The team identified 31 trials. This is a large number for an orthodontic review. As a result, the authors had to present a large amount of data. I do not have the space to go into all their findings here. Nevertheless, I shall concentrate on their significant results.
The age of the patients ranged from 5-17 years old. Of these 12 studies included children aged 5-11 years old, 13 studied adolescents between 11-16 years old. The trials reported the effects of simple expansion plates, quad helix appliances, Hyrax, Tooth tissue borne expanders (Haas), Tooth-bone borne and bone borne appliances.
Eight reported the primary outcome of correction of crossbite. All the others reported that the crossbite correction was 100% successful.

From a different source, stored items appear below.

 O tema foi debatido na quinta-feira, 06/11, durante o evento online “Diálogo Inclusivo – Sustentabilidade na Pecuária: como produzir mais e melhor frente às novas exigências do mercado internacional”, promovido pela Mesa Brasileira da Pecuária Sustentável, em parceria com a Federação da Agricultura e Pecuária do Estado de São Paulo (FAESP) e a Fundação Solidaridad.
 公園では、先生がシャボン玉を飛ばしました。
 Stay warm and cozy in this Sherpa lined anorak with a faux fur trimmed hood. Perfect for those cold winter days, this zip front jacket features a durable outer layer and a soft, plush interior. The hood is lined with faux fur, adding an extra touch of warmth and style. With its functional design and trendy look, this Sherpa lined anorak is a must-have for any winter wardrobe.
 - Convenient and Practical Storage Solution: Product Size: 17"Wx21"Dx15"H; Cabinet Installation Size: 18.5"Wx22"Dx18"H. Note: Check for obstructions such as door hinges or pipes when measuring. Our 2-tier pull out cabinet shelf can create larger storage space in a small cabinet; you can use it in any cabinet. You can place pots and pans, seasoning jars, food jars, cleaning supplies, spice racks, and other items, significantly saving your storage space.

When they looked at the risk of bias, they found 15 studies were at high risk of bias, 8 were low risk, and eight were unclear.
The investigators carried out eight meta-analyses. This is an open-access paper, so you can read all these when you can. I am just going to report in general terms.
Treatment vs untreated control
Removable expansion plates versus untreated control were effective. The odds ratio of correction using a removable plate was 26.2 (high strength of evidence). Furthermore, when they looked at the molar movement, the effect size was 3.3mm (moderate strength of evidence).
They found similar results for the quad helix when compared to no treatment. The odds ratio of correction was 50.59 (High certainty of evidence).
Quad helix vs removable expansion plate
The quad-helix was more effective than the expansion plate in correcting expansion with an odds ratio of 1.29 (Moderate certainty). There was a difference in the final intermolar distance with the quad helix of 1.48mm (Moderate certainty). Treatment with the quad helix was a mean of 3.15 months shorter than with the expansion plate.
When they looked at the Haas v Hyrax, there were no differences in success or amount of tooth movement.
Similarly, there was no difference between Hyrax and fixed bone-borne appliances and Hyrax vs bone-borne appliances.
The overall implications for practice from this review were:
“For children in the early mixed dentition stage (7-11 years old) using removable appliances and quad helix appliances was an effective form of treatment. The quad helix was more effective than the removable expansion plate”.
“For children and adolescents (aged 7-16 years) there may be no difference between the Haas and Hyrax”.
“For all other appliances (bone-borne and tooth-bone borne) the evidence was of low quality and insufficient to draw any conclusions”.
What did I think?
This was an extensive systematic review. The team did this using standard systematic review methodology and did the study to a high standard. The Cochrane editorial team would have had considerable input into the review. As a result, this is an excellent condensation of evidence on the correction of crossbites.
The conclusions are clinically relevant and helpful. While they reflect our clinical experience, it is good to see that trials reinforce this. Consequently, this review gives us evidence to plan treatment and inform our patients of the risks and benefits as part of consent.
This review did not wholly update us on all the clinical controversies. This was because the authors could not find any trials that looked at MSE/MARPE. Importantly, this leads me to conclude that we currently do not have strong evidence to recommend these techniques to our patients. Unless we fall back on clinical experience. There is nothing wrong with this approach. However, we need to be honest about this and do not suggest this treatment will do more than correct the crossbite.
The jury is still out on the effects of expansion on skeletal change, breathing, etc. There is an urgent need for trials into this question. These are not difficult to do. Surely, there are some researchers out there who are interested in answering this vital question.
I have previously worked on research projects with Jayne Harrison and Klaus Batista.
Emeritus Professor of Orthodontics, University of Manchester, UK.